> Your assignment: An exact copy of the data is needed, one that excludes all pictures.

(Stored data begins)

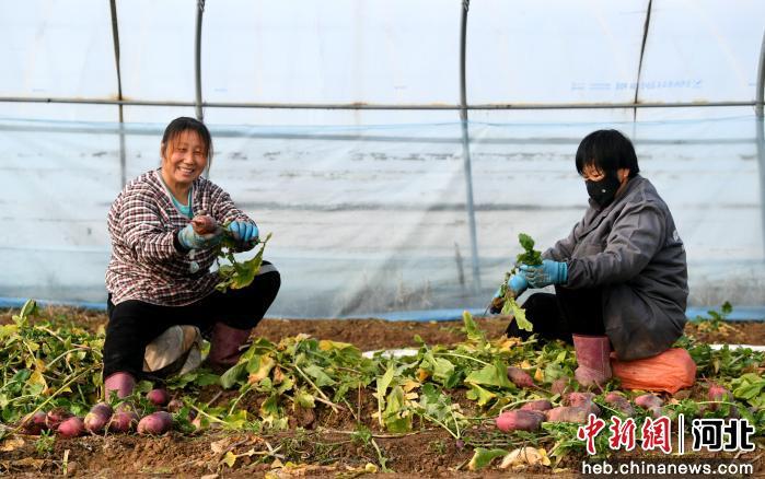 中新网河北新闻1月21日电 (崔志平 苗凤强 崔贤飞)近日,走进河北省衡水市阜城县霞口镇一温室大棚里,一颗颗紫红色的水果萝卜破土而出,村民们正忙着采收萝卜,并进行分拣、装箱。
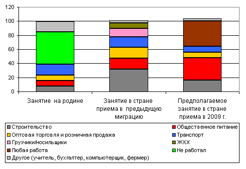 Еще более разительной является разница между возвращающимися и отправляющимися мигрантами по уровню доходов. Возвращенцы значительно более богаты, чем те, кто поехали работать в Россию в разгар кризиса: среди отъезжающих мигрантов в 3 раза меньше людей с высокими доходами и почти в 4 раза больше людей с очень низкими доходами, чем среди возвращенцев. Поэтому можно сделать вывод, что в кризисное время на заработки едут опытные мигранты с большим профессиональным и житейским опытом, с обширными связями в мигрантских сетях. Кроме того, подавляющее большинство — члены мигрантских домохозяйств, потерявших доходы и сбережения в ходе кризиса. Таким образом, в пик кризиса продолжают мигрировать «профессиональные» мигранты, полностью зависящие от мигрантских доходов.
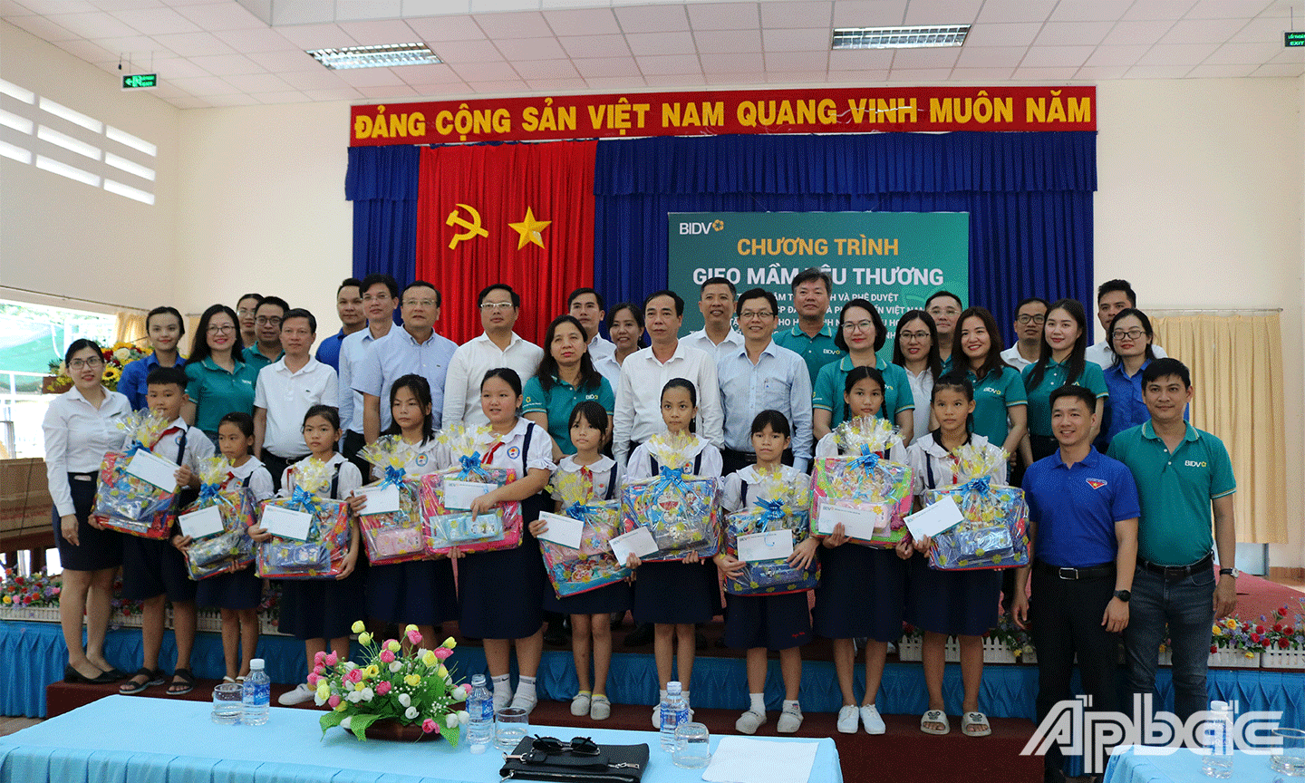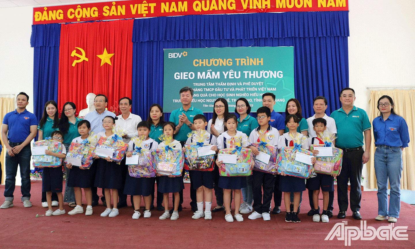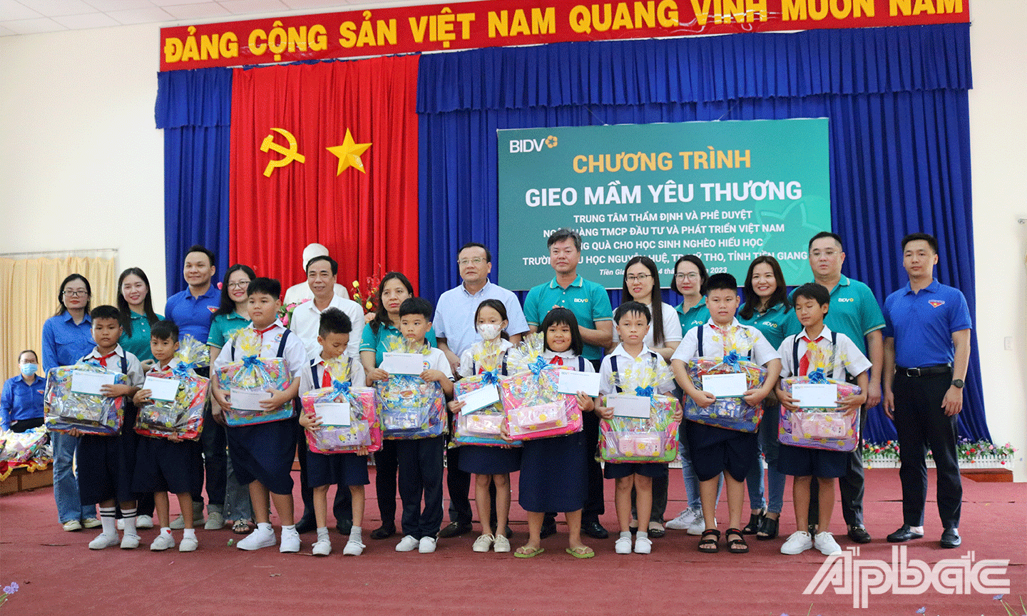 (ABO) Ngày 14-6, Công đoàn cơ sở và Chi đoàn cơ sở Trung tâm Thẩm định và Phê duyệt Ngân hàng Thương mại cổ phần Đầu tư và Phát triển Việt Nam (BIDV) tổ chức Chương trình “Gieo mầm yêu thương” trao quà cho học sinh nghèo, hiếu học của Trường Tiểu học Nguyễn Huệ (TP. Mỹ Tho, tỉnh Tiền Giang).

(Stored data ends)

> Solution for this exercise:
 中新网河北新闻1月21日电 (崔志平 苗凤强 崔贤飞)近日,走进河北省衡水市阜城县霞口镇一温室大棚里,一颗颗紫红色的水果萝卜破土而出,村民们正忙着采收萝卜,并进行分拣、装箱。
 Еще более разительной является разница между возвращающимися и отправляющимися мигрантами по уровню доходов. Возвращенцы значительно более богаты, чем те, кто поехали работать в Россию в разгар кризиса: среди отъезжающих мигрантов в 3 раза меньше людей с высокими доходами и почти в 4 раза больше людей с очень низкими доходами, чем среди возвращенцев. Поэтому можно сделать вывод, что в кризисное время на заработки едут опытные мигранты с большим профессиональным и житейским опытом, с обширными связями в мигрантских сетях. Кроме того, подавляющее большинство — члены мигрантских домохозяйств, потерявших доходы и сбережения в ходе кризиса. Таким образом, в пик кризиса продолжают мигрировать «профессиональные» мигранты, полностью зависящие от мигрантских доходов.
 (ABO) Ngày 14-6, Công đoàn cơ sở và Chi đoàn cơ sở Trung tâm Thẩm định và Phê duyệt Ngân hàng Thương mại cổ phần Đầu tư và Phát triển Việt Nam (BIDV) tổ chức Chương trình “Gieo mầm yêu thương” trao quà cho học sinh nghèo, hiếu học của Trường Tiểu học Nguyễn Huệ (TP. Mỹ Tho, tỉnh Tiền Giang).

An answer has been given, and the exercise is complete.